Since the net external force is zero ($\mathbf{F}_{net} = 0$), Newton's First Law states that the acceleration of the astronaut must also be zero ($\mathbf{a} = 0$).

The acceleration of the astronaut the instant after he is outside the spaceship is zero. His velocity at that instant will be the same as the spaceship's velocity at that instant, and he will continue to move at that constant velocity.

Given mass of the bullet $m = 0.04 \text{ kg}$. Initial speed $v_0 = 90 \text{ m s}^{-1}$. Final speed $v = 0 \text{ m s}^{-1}$ (stopped). Distance traveled in the block $s = 60 \text{ cm} = 0.60 \text{ m}$.

We assume the resistive force (and thus the acceleration) is constant. We can use the kinematic equation $v^2 = v_0^2 + 2as$. Let the direction of motion be positive. The acceleration $a$ will be negative (retardation).

$0^2 = (90 \text{ m s}^{-1})^2 + 2a(0.60 \text{ m})$.

$0 = 8100 \text{ m}^2 \text{ s}^{-2} + 1.20 a \text{ m}$.

$1.20 a \text{ m} = -8100 \text{ m}^2 \text{ s}^{-2}$.

$a = \frac{-8100 \text{ m}^2 \text{ s}^{-2}}{1.20 \text{ m}} = -6750 \text{ m s}^{-2}$.

The magnitude of the acceleration is $6750 \text{ m s}^{-2}$, and it is in the direction opposite to motion.

According to Newton's Second Law, the net force $\mathbf{F} = m\mathbf{a}$. The resistive force $\mathbf{F}_r$ is the force exerted by the block on the bullet, and it causes the acceleration $a$. Assuming no other horizontal forces, $\mathbf{F}_r = m\mathbf{a}$.

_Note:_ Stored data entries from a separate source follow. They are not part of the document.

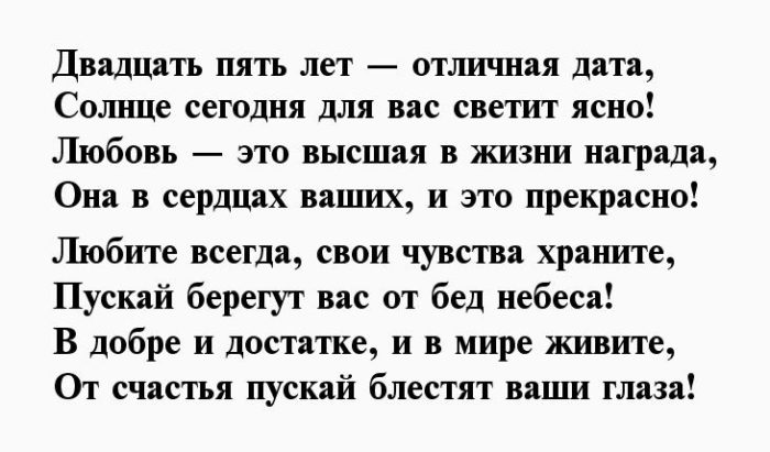 Друг для друга лучшею наградойВместе четверть века скромно пожелать,В этой жизни держались рядом,Чтобы на рассвете И хотим поздравить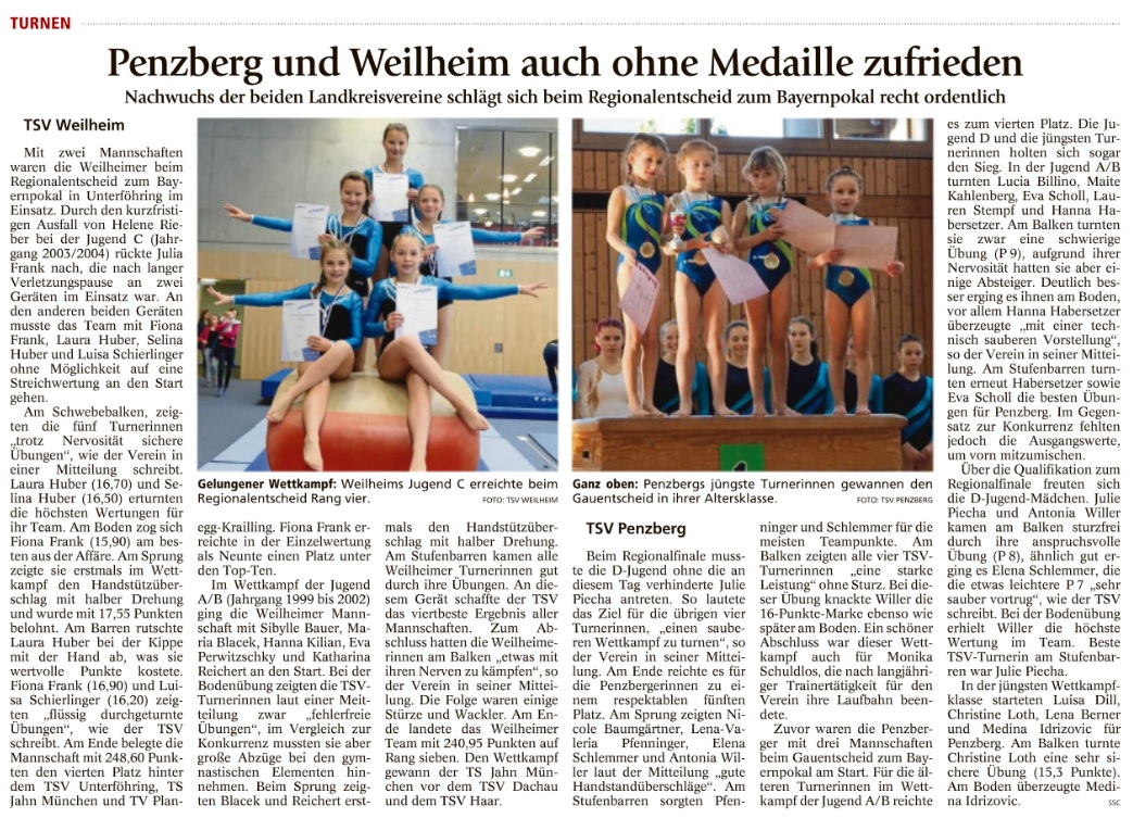 Penzberg und Weilheim auch ohne Medaillen zufrieden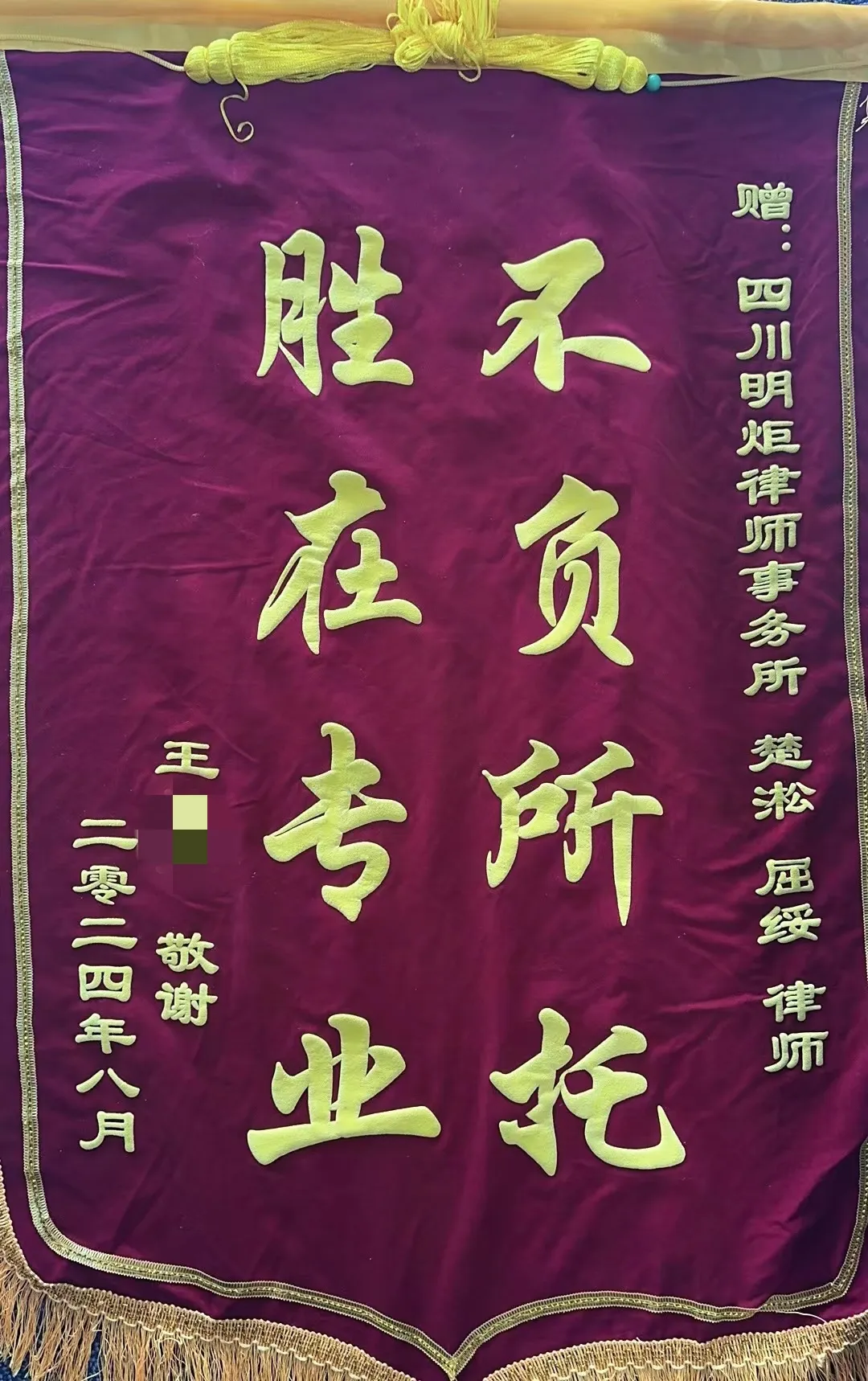 明炬楚淞、屈绥律师获当事人赠送锦旗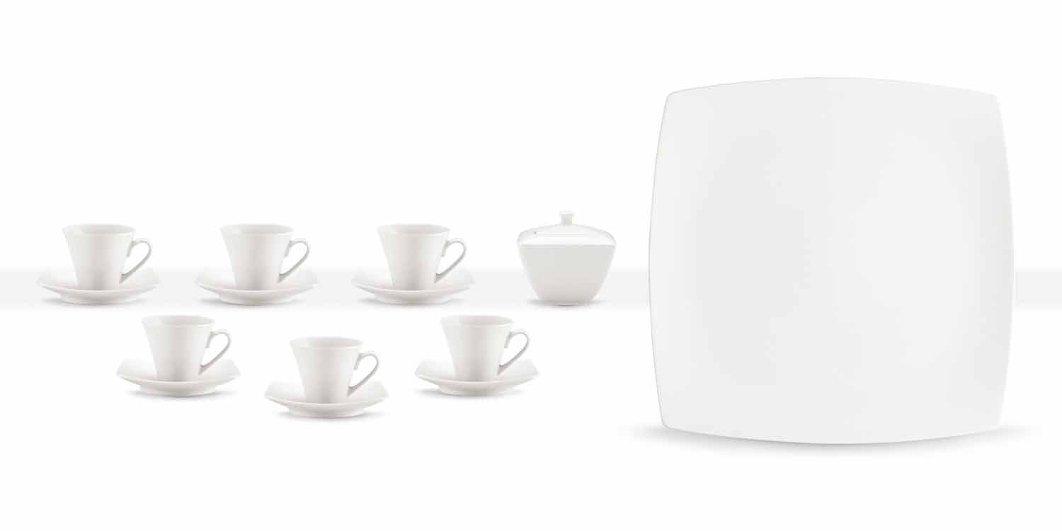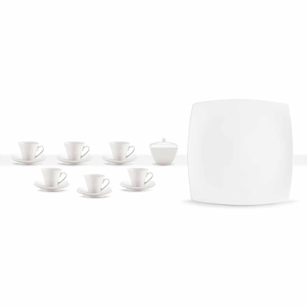 Set Kaffeetassen und Zuckerdose mit Teller, modernes Design aus weißem Porzellan, 8 Stück.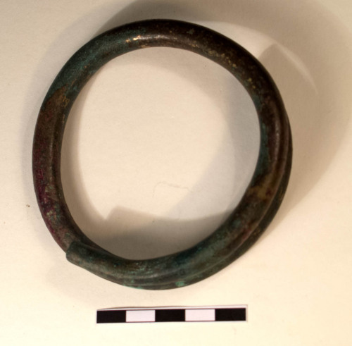 Bracciale (armilla) a capi sovrapposti realizzato in verga di bronzo a sezione circolare. L'intero corpo è a sezione circiolare. Il diametro della verga si assottiglia verso i capi. I capi sono sovrapposti per più di un terzo della circonferenza.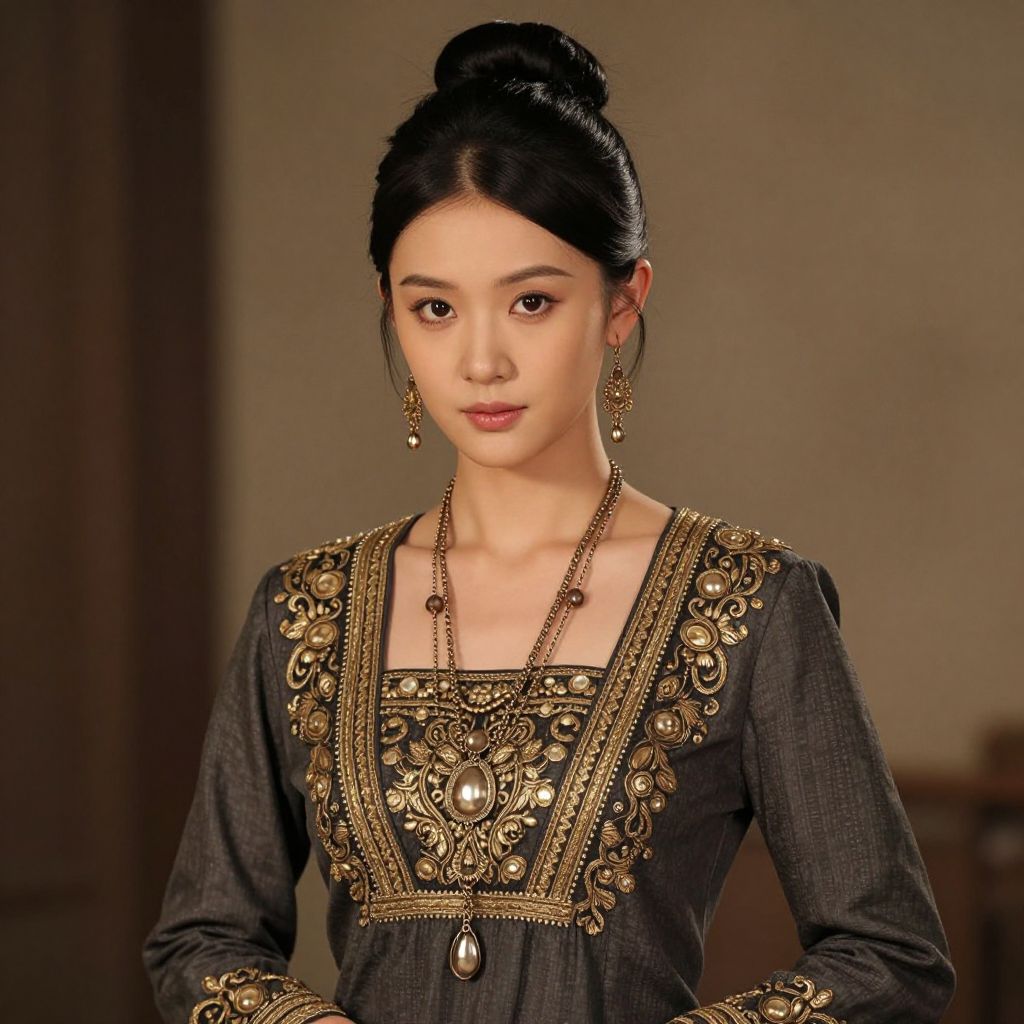 Photograph of an East Asian woman with fair skin and black hair styled in an elegant bun. She wears a dark gray, long-sleeved traditional dress adorned with intricate gold embroidery and gemstone embellishments on the chest, sleeves, and neckline. Her outfit is complemented by dangling gold earrings and a long necklace with a teardrop pendant. Her makeup is subtle, with a focus on her eyes and lips. The background is blurred, featuring warm, neutral tones and wooden elements, creating a classic, sophisticated atmosphere. The woman's expression is calm and poised.

$|\mathbf{F}_r| = m |\mathbf{a}| = (0.04 \text{ kg}) \times (6750 \text{ m s}^{-2})$.

$|\mathbf{F}_r| = 270 \text{ N}$.

The direction of the force is the same as the acceleration, opposite to the bullet's initial motion.

The average resistive force exerted by the block on the bullet is 270 N, in the direction opposite to the bullet's motion.

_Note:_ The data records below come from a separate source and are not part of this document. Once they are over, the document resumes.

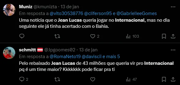 Inter e Bahia disputaram com muita igualdade a contratação de Jean Lucas. Inclusive, o Tricolor usou um emoji de chapéu para anunciar o jogador, brincando com a compra bem sucedida.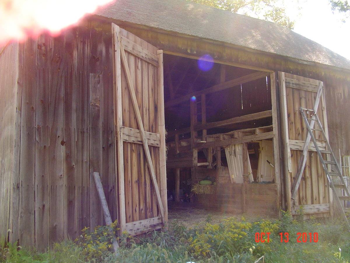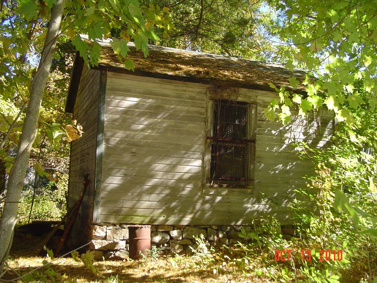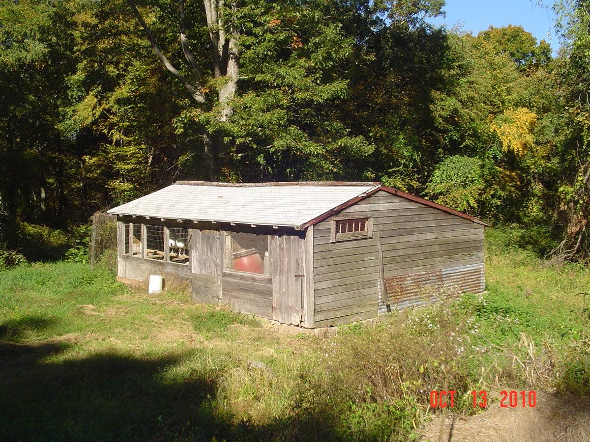 Three buildings 1. Large post and beam barn. 2. Poultry coop, presently housing turkeys. 3. Former general store type building.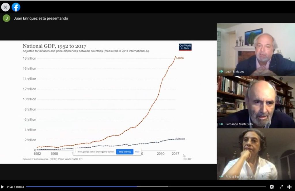 Por tanto, consideró que no nos debe sorprender que desde los años 70, la economía de nuestro país se estancó, mientras que la del país asiático se disparó, ya que crearon empresas y educaron a sus jóvenes en ciencia y tecnología, y México, no. Agregó que China le siguió el paso y dos compañías, Tencent y Baidu, fundadas en 1998 y en el 2000, salieron al mercado de valores a vender acciones y estas dos compañías valen lo mismo que vale la economía de todo México; lo mismo Apple, Amazon o Google.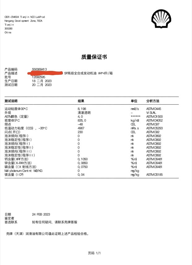 壳牌定制版0W-20机油,大佬们帮忙看看这个油是什么水平的,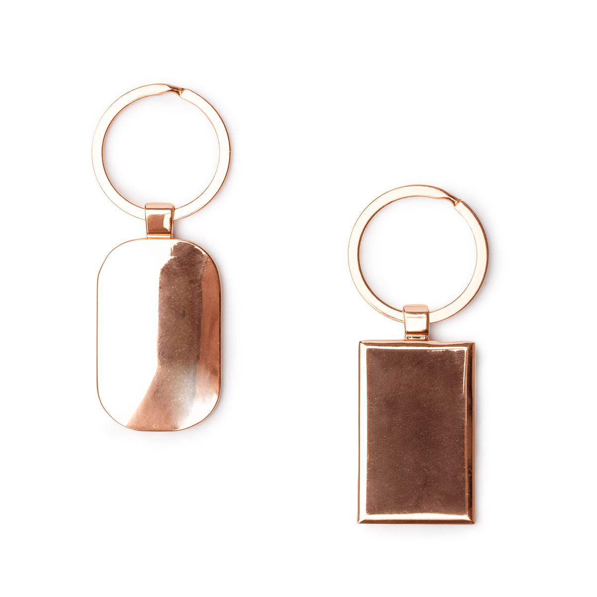 Llavero metálico con recubrimiento en cobre con interior en negro. Cuenta con amplia superficie para marcaje.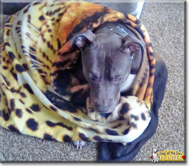 Thanks for starting my day off with a BIG smile, sweetheart! Meeting you, seeing all of your beyond heart-melting photo, has been a real treat! Hope you enjoy a very special day of celebration, playing fetch and tug o war, getting all cozy in your fleece blankie, cuddling with your human, being treated to all your heart desires and more! Lots of love, snuggles and slobbery smooches to you, beautiful Hunter, our very special and most deserving Dog of the Day, EVERY day!:love::love::love: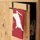 White Deer Shapes On Red With Snowflakes & Text Kitchen Towel
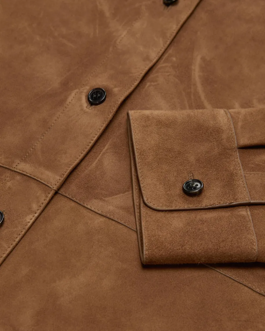 Lederblazer für Damen von Theory in Braun. Gefertigt aus hochwertigerVeloursleder-Qualität punktet das Modell in moderner Country-Aufmachung, währendklassische Details einen modischen Kontrast zur Material-Verarbeitung erstellt.

The position of the particle along the y-axis is given by $y(t) = ut + \frac{1}{2}gt^2$. Here, $u$ and $g$ are constants.

To find the force acting on the particle, we first need to find its acceleration. Acceleration is the second derivative of position with respect to time ($\mathbf{a} = \frac{d^2\mathbf{r}}{dt^2}$). In one dimension (along the y-axis), $a_y = \frac{d^2y}{dt^2}$.

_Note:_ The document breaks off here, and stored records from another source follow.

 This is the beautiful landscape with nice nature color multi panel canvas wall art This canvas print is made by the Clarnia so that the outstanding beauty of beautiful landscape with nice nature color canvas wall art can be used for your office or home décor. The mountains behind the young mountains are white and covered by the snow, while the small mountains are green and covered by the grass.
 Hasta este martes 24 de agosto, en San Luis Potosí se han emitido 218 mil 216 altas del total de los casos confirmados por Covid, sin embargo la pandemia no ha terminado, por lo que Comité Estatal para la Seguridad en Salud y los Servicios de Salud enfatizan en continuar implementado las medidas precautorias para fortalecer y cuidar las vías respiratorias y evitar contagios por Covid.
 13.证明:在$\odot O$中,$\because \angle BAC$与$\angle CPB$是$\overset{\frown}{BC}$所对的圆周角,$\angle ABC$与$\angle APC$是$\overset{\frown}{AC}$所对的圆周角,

First derivative (velocity): $v_y = \frac{dy}{dt} = \frac{d}{dt}(ut + \frac{1}{2}gt^2) = u + \frac{1}{2}g(2t) = u + gt$.

Second derivative (acceleration): $a_y = \frac{dv_y}{dt} = \frac{d}{dt}(u + gt) = 0 + g = g$.

So, the acceleration of the particle is constant and equal to $g$ in the direction of the y-axis.

According to Newton's Second Law, the net force $\mathbf{F} = m\mathbf{a}$. Since the motion is along the y-axis, the force is also along the y-axis, $\mathbf{F} = F_y \hat{\mathbf{j}}$.

$F_y = m a_y = mg$.

The force acting on the particle is $mg$ in the direction of the y-axis. This equation describes the motion of a particle of mass $m$ under a constant force $mg$ along the y-axis (which could be, for example, the force of gravity if the y-axis is chosen to be vertical and pointing downwards). $u$ is the initial velocity in the y-direction.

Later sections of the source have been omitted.